_WHAT THE TASK REQUIRES_
All lines from the one holding "Stilni voziček za" to the end of the listing are to be output exactly, both ends included, with any pictures left out.

====== PROVIDED MATERIAL ======

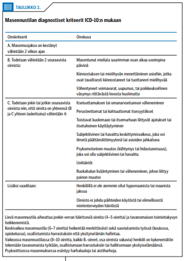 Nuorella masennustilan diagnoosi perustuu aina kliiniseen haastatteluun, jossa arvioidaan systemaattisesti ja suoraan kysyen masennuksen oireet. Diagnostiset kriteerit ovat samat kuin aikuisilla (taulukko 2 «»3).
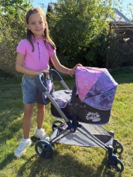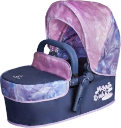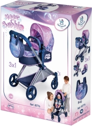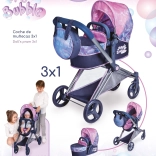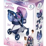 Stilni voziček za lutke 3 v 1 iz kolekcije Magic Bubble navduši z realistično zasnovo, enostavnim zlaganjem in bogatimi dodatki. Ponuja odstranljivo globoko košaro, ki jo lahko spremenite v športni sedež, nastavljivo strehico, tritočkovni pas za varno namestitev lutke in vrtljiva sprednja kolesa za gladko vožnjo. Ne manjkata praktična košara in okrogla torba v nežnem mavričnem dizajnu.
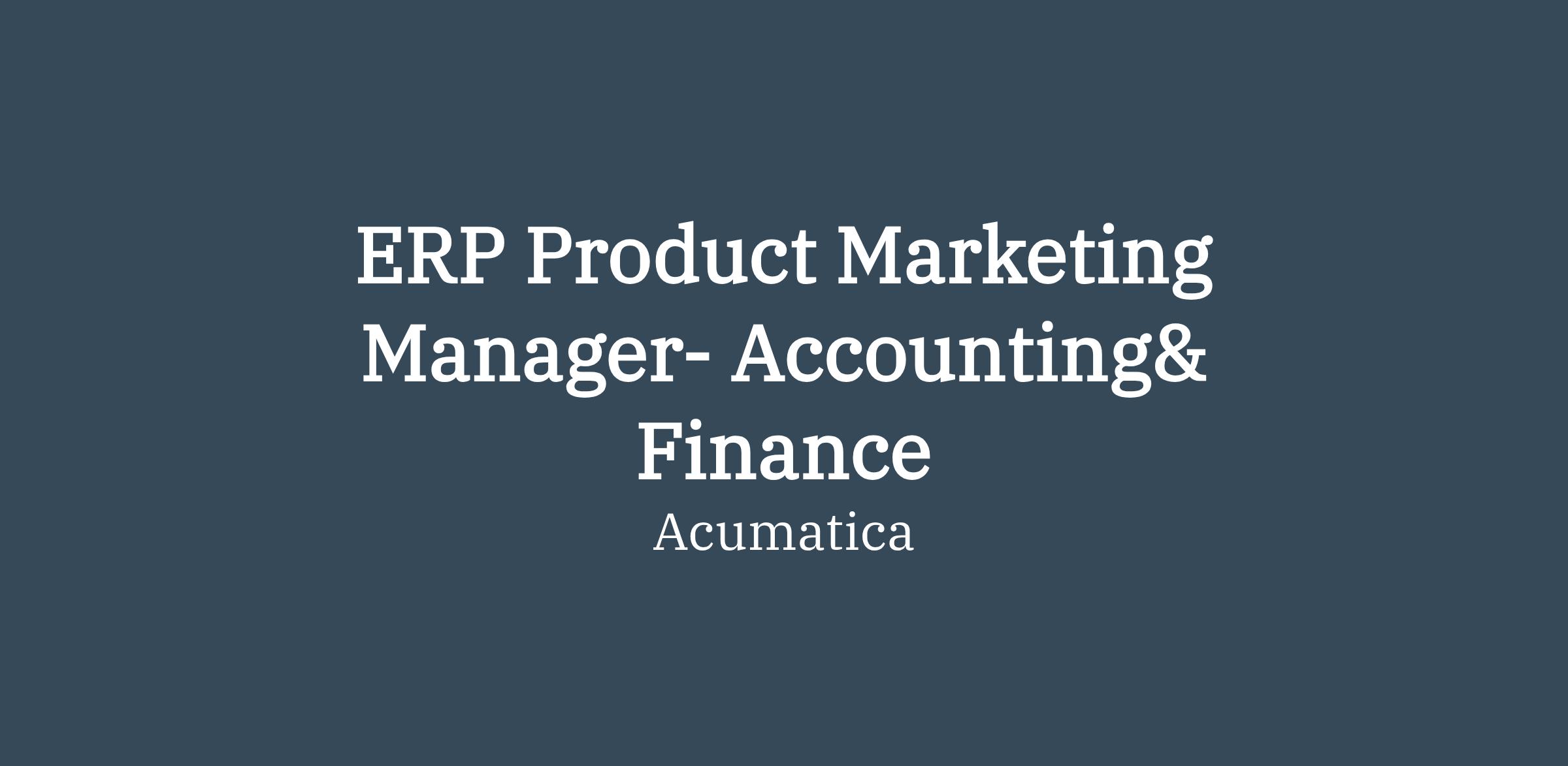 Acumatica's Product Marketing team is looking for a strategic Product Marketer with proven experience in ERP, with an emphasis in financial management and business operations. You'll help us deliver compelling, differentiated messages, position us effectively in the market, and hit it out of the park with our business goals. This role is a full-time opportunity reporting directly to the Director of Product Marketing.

======

_FINISHED EXERCISE_
 Stilni voziček za lutke 3 v 1 iz kolekcije Magic Bubble navduši z realistično zasnovo, enostavnim zlaganjem in bogatimi dodatki. Ponuja odstranljivo globoko košaro, ki jo lahko spremenite v športni sedež, nastavljivo strehico, tritočkovni pas za varno namestitev lutke in vrtljiva sprednja kolesa za gladko vožnjo. Ne manjkata praktična košara in okrogla torba v nežnem mavričnem dizajnu.
 Acumatica's Product Marketing team is looking for a strategic Product Marketer with proven experience in ERP, with an emphasis in financial management and business operations. You'll help us deliver compelling, differentiated messages, position us effectively in the market, and hit it out of the park with our business goals. This role is a full-time opportunity reporting directly to the Director of Product Marketing.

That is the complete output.